Data excerpt
------------

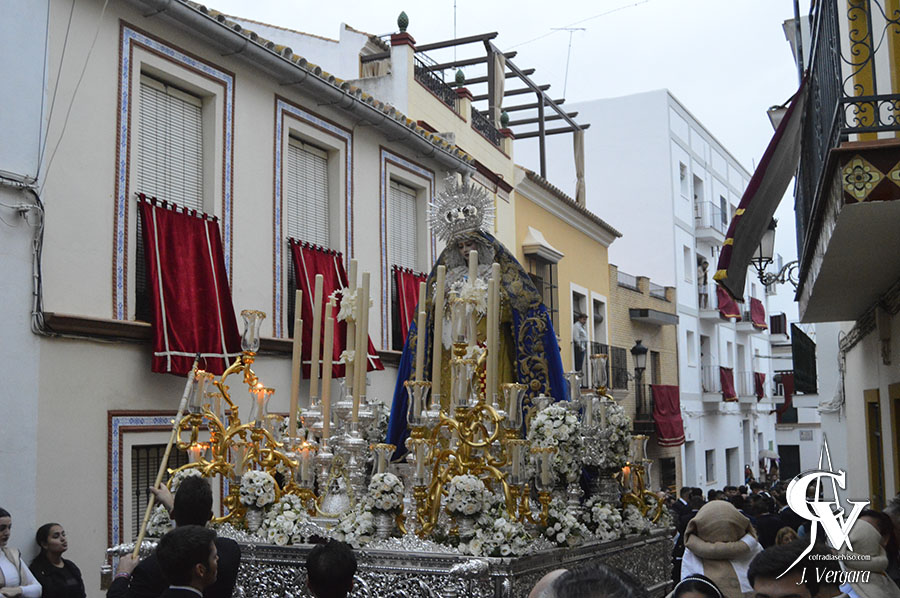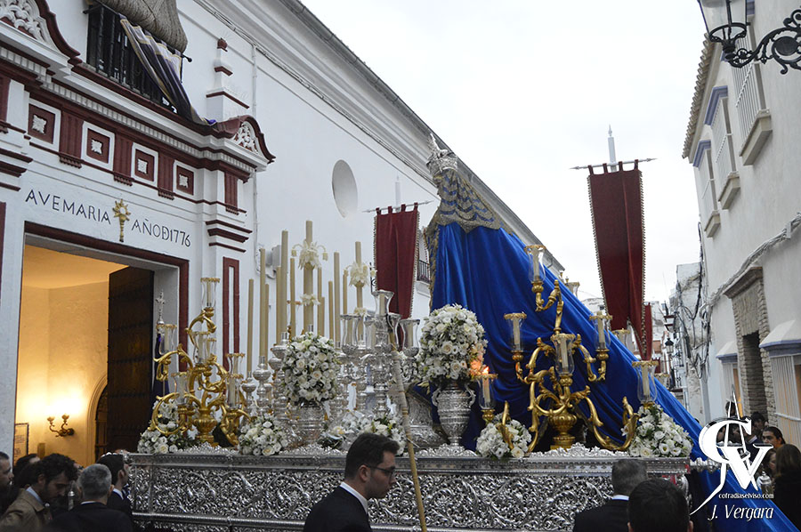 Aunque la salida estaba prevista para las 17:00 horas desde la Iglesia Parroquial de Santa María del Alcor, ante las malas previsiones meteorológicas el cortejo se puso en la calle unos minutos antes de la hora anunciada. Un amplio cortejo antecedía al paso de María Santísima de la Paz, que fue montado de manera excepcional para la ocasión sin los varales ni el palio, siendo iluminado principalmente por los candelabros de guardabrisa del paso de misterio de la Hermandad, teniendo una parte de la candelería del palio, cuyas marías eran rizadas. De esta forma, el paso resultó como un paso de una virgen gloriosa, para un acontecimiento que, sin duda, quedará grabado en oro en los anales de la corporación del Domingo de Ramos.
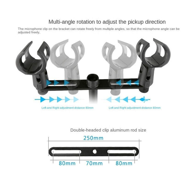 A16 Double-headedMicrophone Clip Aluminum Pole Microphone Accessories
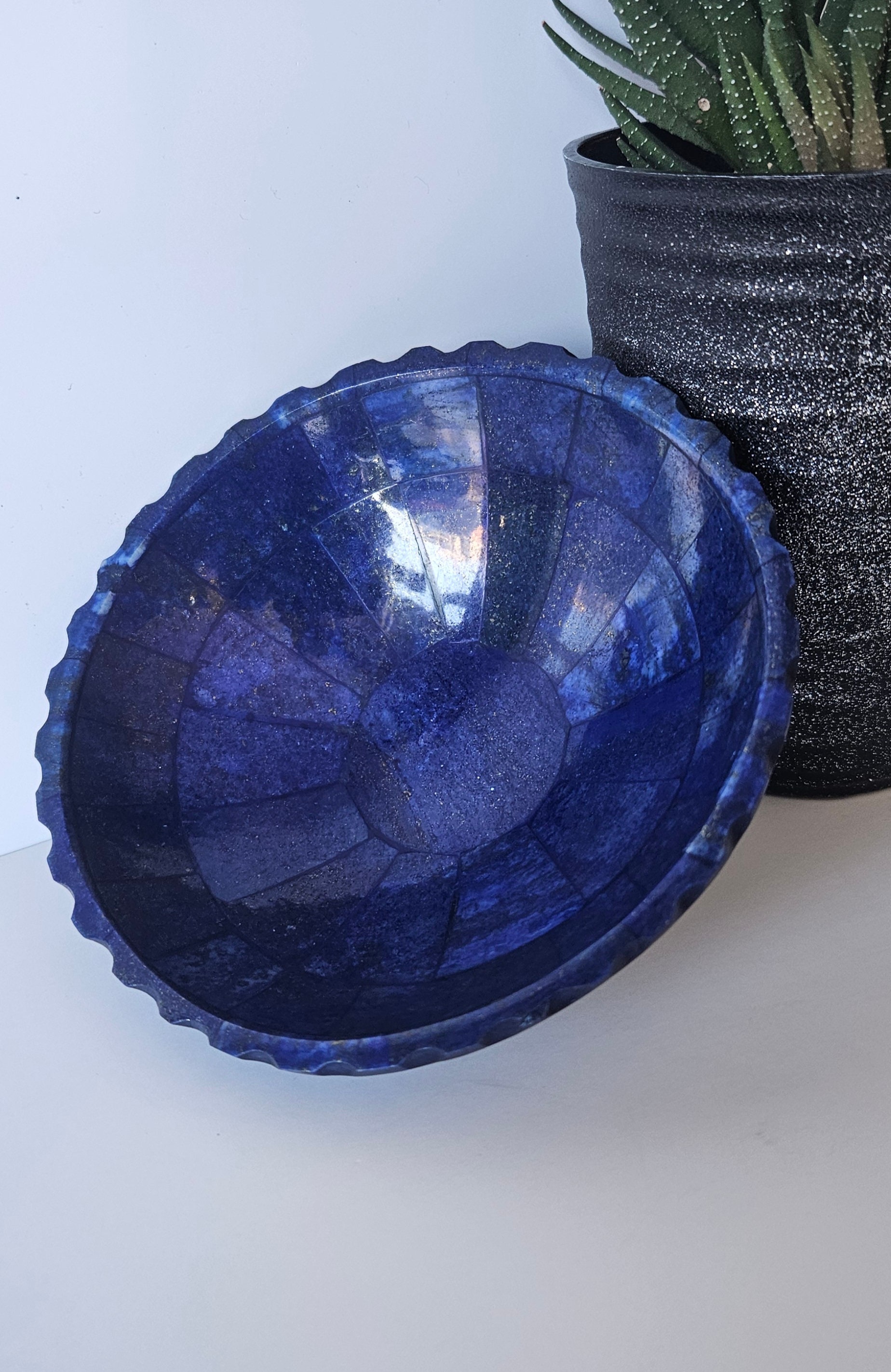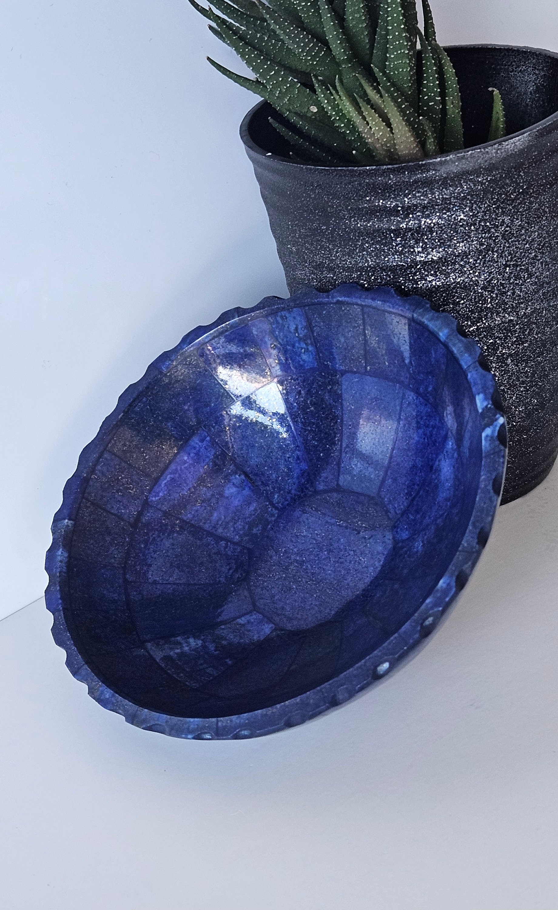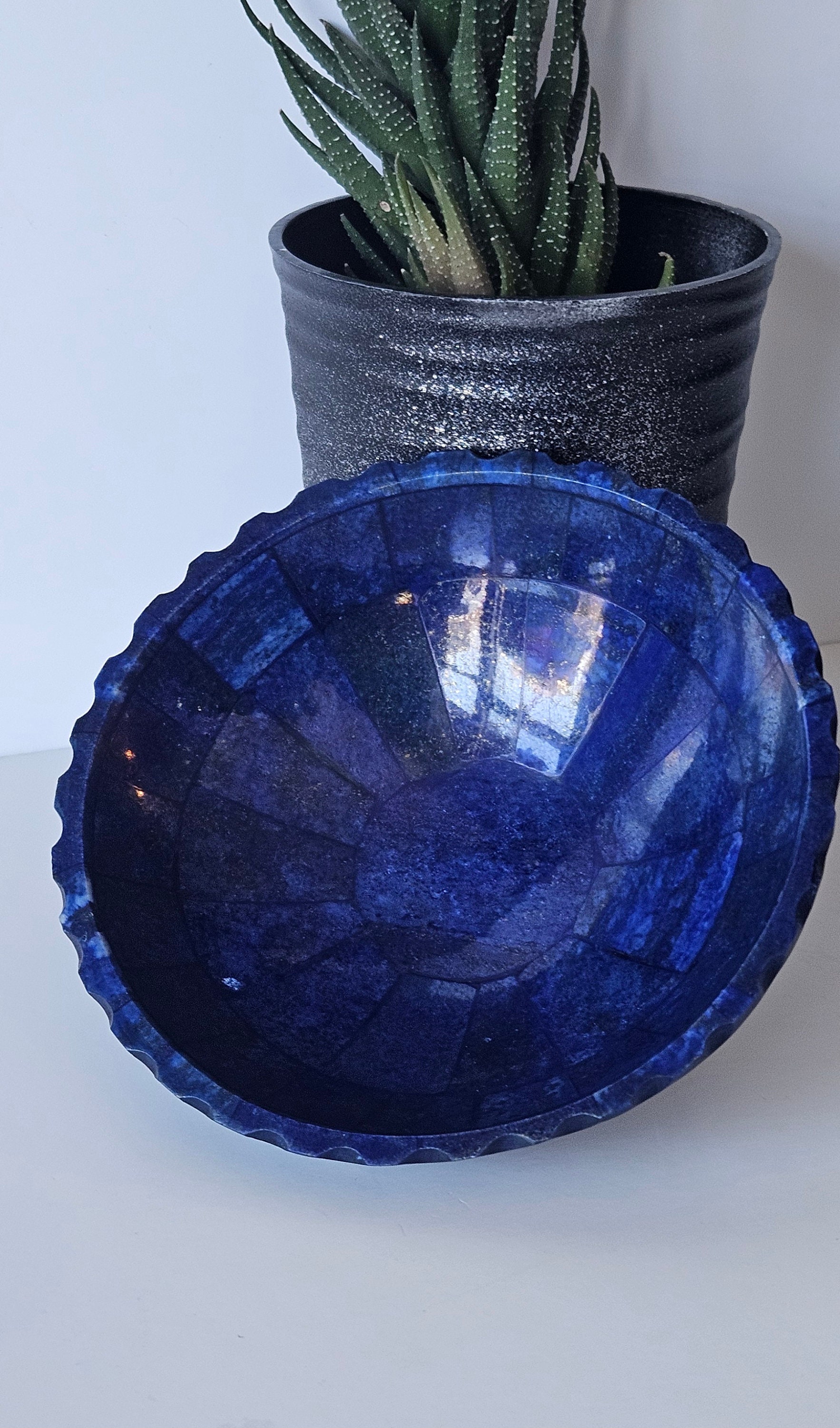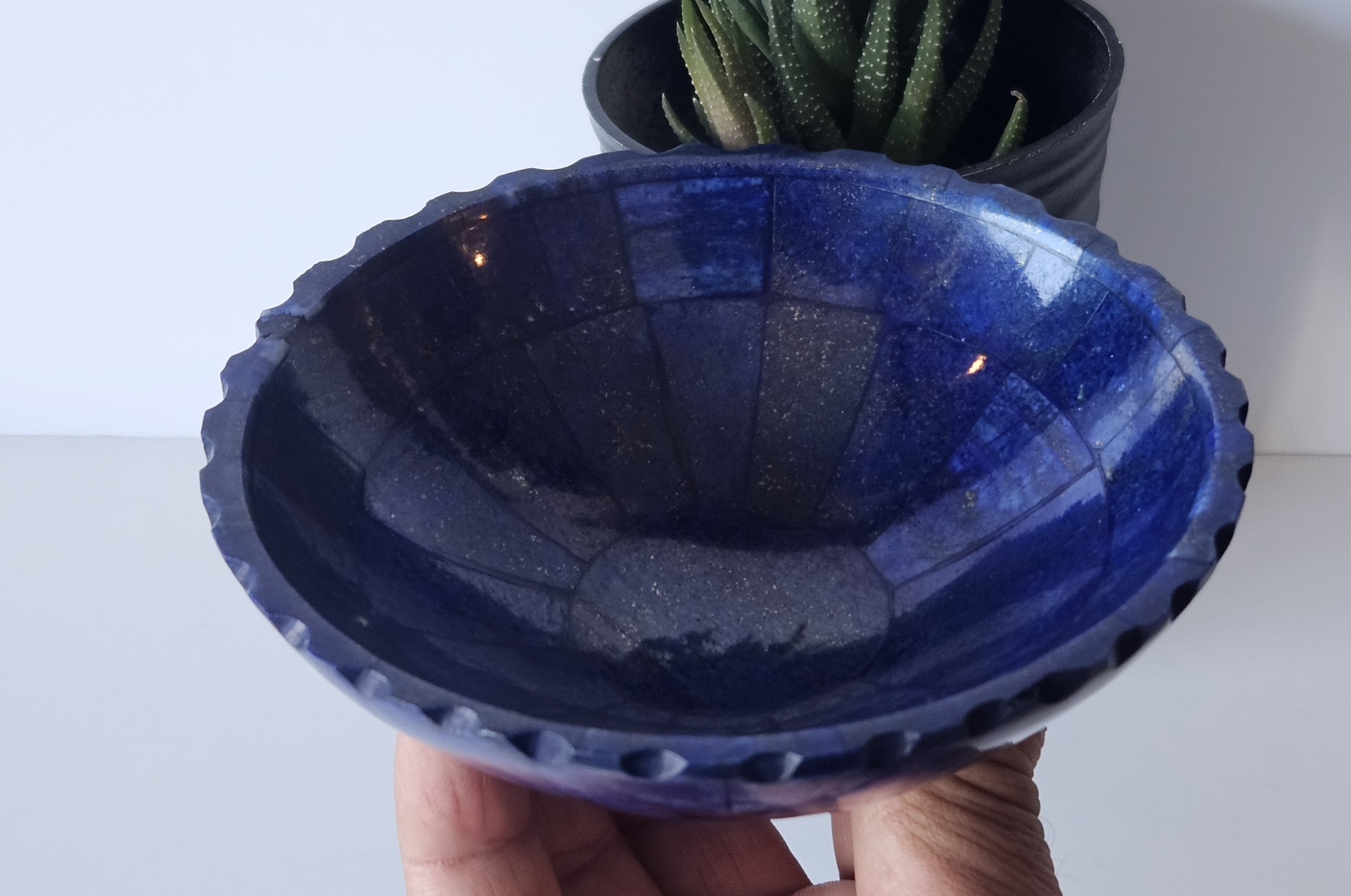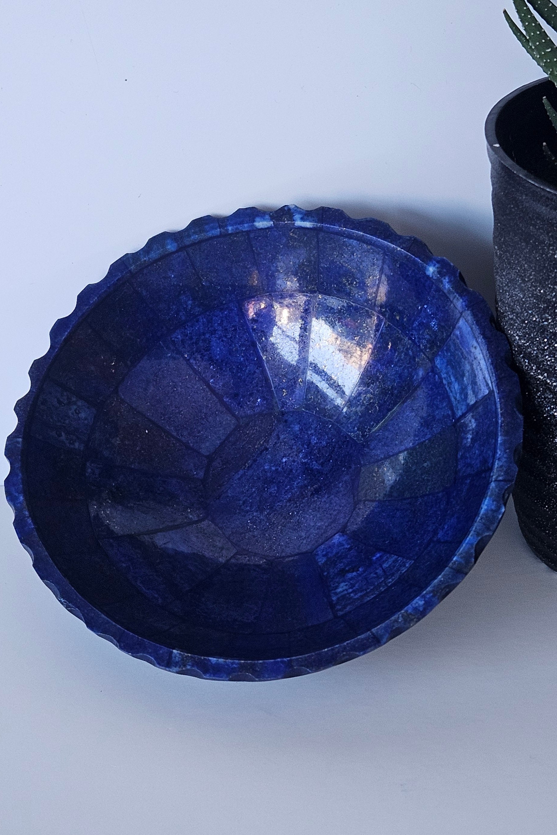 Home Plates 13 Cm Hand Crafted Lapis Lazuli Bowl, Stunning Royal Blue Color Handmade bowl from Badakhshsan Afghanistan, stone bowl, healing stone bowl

------------

The answer must be the full listing, restated word for word, with no pictures in it.

 Aunque la salida estaba prevista para las 17:00 horas desde la Iglesia Parroquial de Santa María del Alcor, ante las malas previsiones meteorológicas el cortejo se puso en la calle unos minutos antes de la hora anunciada. Un amplio cortejo antecedía al paso de María Santísima de la Paz, que fue montado de manera excepcional para la ocasión sin los varales ni el palio, siendo iluminado principalmente por los candelabros de guardabrisa del paso de misterio de la Hermandad, teniendo una parte de la candelería del palio, cuyas marías eran rizadas. De esta forma, el paso resultó como un paso de una virgen gloriosa, para un acontecimiento que, sin duda, quedará grabado en oro en los anales de la corporación del Domingo de Ramos.
 A16 Double-headedMicrophone Clip Aluminum Pole Microphone Accessories
 Home Plates 13 Cm Hand Crafted Lapis Lazuli Bowl, Stunning Royal Blue Color Handmade bowl from Badakhshsan Afghanistan, stone bowl, healing stone bowl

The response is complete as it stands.